To address these concerns, ANA asked ICANN to establish a temporary "Do Not Sell" list. This would give non-governmental organizations, international governmental organizations and commercial stakeholders the opportunity to have their brand names added free of charge to a temporary "Do Not Sell" list during the first application round. ANA sent this idea to ICANN but has not found much response.
“It is unlikely this chorus of opposition [from the private sector] to the new domains would develop unless there was a fundamental belief that something was not right,” says Liodice. “An objective organization would look at the totality of this and compare the risk against the nebulous benefits of spurring innovation. Brand owners are going into an environment with shaky confidence that the new domains won’t end up disrupting their brand equity.”
The Commerce Department – which oversees ICANN – also sent a letter to ICANN, urging it to “minimize the perceived need for defensive registrations” and other suggestions. It stopped short, however, of setting deadlines or demanding specific action. Commerce has not made moves to interfere with ICANN’s expansion, though with the corporation’s contract expiring in March, Commerce has requested bids for a new contract.
In an interview with FreeEnteprise.com last month, Commerce Secretary John Bryson said, “We’re going to closely monitor the execution of this program… We have to see to it that [ICANN] does it well. The Commerce Department has the lead position with respect to that.”
In addition to brand threats, the new gTLDs could also threaten consumers and Internet users. Federal Trade Commission Chairman Jon Leibowitz tells Congress the new gTLDs are a “potential disaster,” warning that ICANN’s plan will contribute to the growth of online scams.
“Fraudsters will be able to register misspellings of businesses,” he says, “including financial institutions, in each of the new gTLDs, create copycat websites, and obtain sensitive consumer data with relative ease before shutting down the site and launching a new one.”
To prevent these abuses, groups like the Coalition Against Domain Name Abuse will push for ICANN restructuring, such that its internal governance and policy development process leads to decisions better aligned with Internet community’s interests.
With so many objections to ICANN’s plan, many stakeholders are asking, what’s the hurry? Lawmakers in Washington are urging ICANN to slow it down. Sen. Kelly Ayotte (R-NH) recently noted at a Senate Commerce Committee hearing: “It seems to me that caution should be used to make sure you [ICANN] don’t rush into this.”
Members of the House Energy and Commerce subpanel on Communications and Technology also suggest ICANN’s plan may not be ready for “prime time” and that the organization should hold on handing out new gTLDs until it has a firmer grasp of the precise ramifications from their plan.

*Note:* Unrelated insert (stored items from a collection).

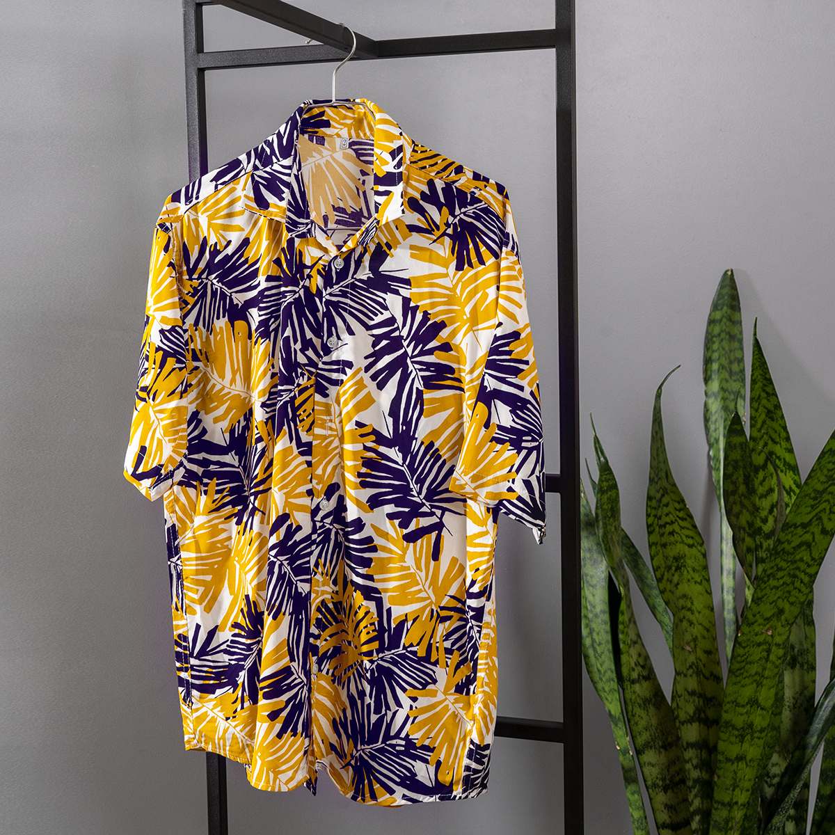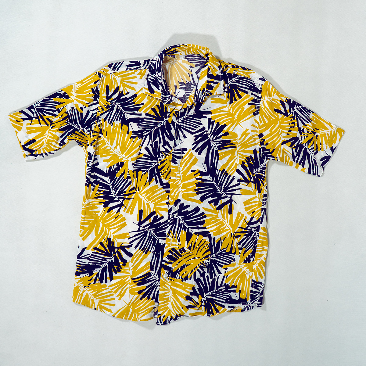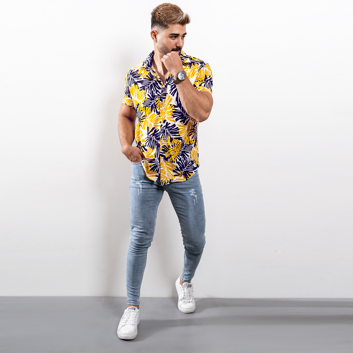 پیراهن هاوایی زرد مردانه مدل Hogo
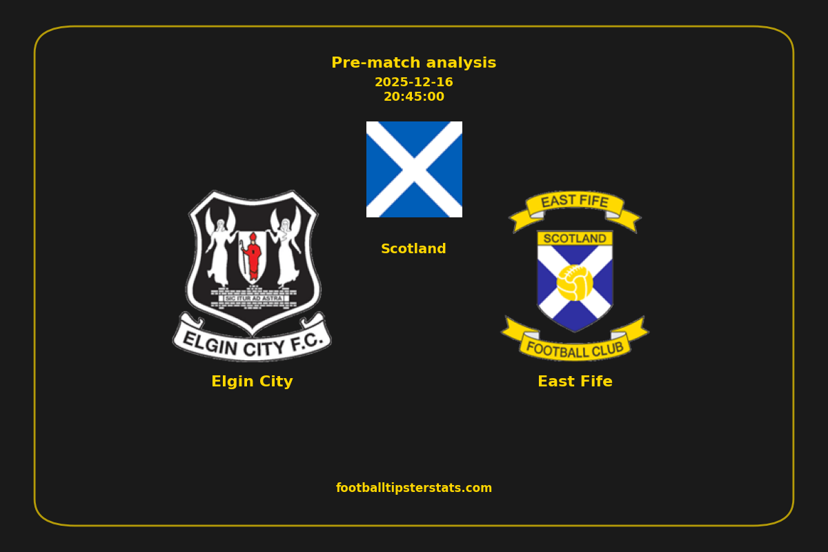 Analyzing the recent performance of Elgin City and East Fife in Scotland, we can derive insights that may inform future match predictions. By examining their individual game histories, head-to-head encounters, and overall trends, we can identify patterns that highlight strengths and weaknesses for both teams. This comprehensive review aims to provide a clearer understanding of their competitive dynamics and potential outcomes in upcoming fixtures.This pre-match analysis covers the upcoming fixture between Elgin City and East Fife. Below you’ll find a detailed breakdown of both teams’ recent form, goal statistics, and head-to-head performance. These insights provide a clear picture of current momentum and can be valuable for match forecasting, tactical evaluation, or betting analysis. Please note that these suggestions are based on historical data and trends. While they provide valuable insights, actual match outcomes can be influenced by various unpredictable factors. Always consider multiple aspects before making any decisions based on these analyses.
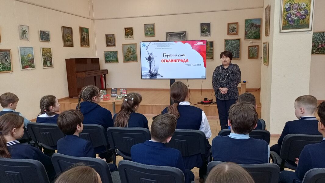 Библиотекарь рассказала школьникам о том, как в годы Великой Отечественной войны солдаты стойко защищали Сталинград (ныне Волгоград) от фашистских захватчиков. Ребята также узнали об обороне «Дома Павлова», ставшего важным опорным пунктом, при котором наши солдаты, оказавшиеся в окружении, геройски отражали многочисленные яростные атаки врага и удерживали дом, а также о подвиге снайпера Василия Зайцева, уничтожившего 225 солдат и офицеров противника.

Even the first chairwoman of ICANN, Esther Dyson, told the Senate that though she supported the gTLD expansion in 2000, the latest proposal plan is a mistake offering no benefit to consumers or businesses, calling the whole idea “fundamentally misguided.”
Yet, the current application period is not a pilot program. Despite objections and concerns, ICANN has moved ahead with the new gTLDs. Whether these will offer any real benefit to companies and consumers remains to be seen, but businesses want more assurance than ICANN’s word that the plan will not end up doing more harm than good. Says Liodice:
“When the world community has expressed its displeasure in such a singular chorus of voices and said we are definitely worried about this plan, please make us feel better, ICANN must do more than simply say ‘trust us.’ That doesn’t cut the mustard.”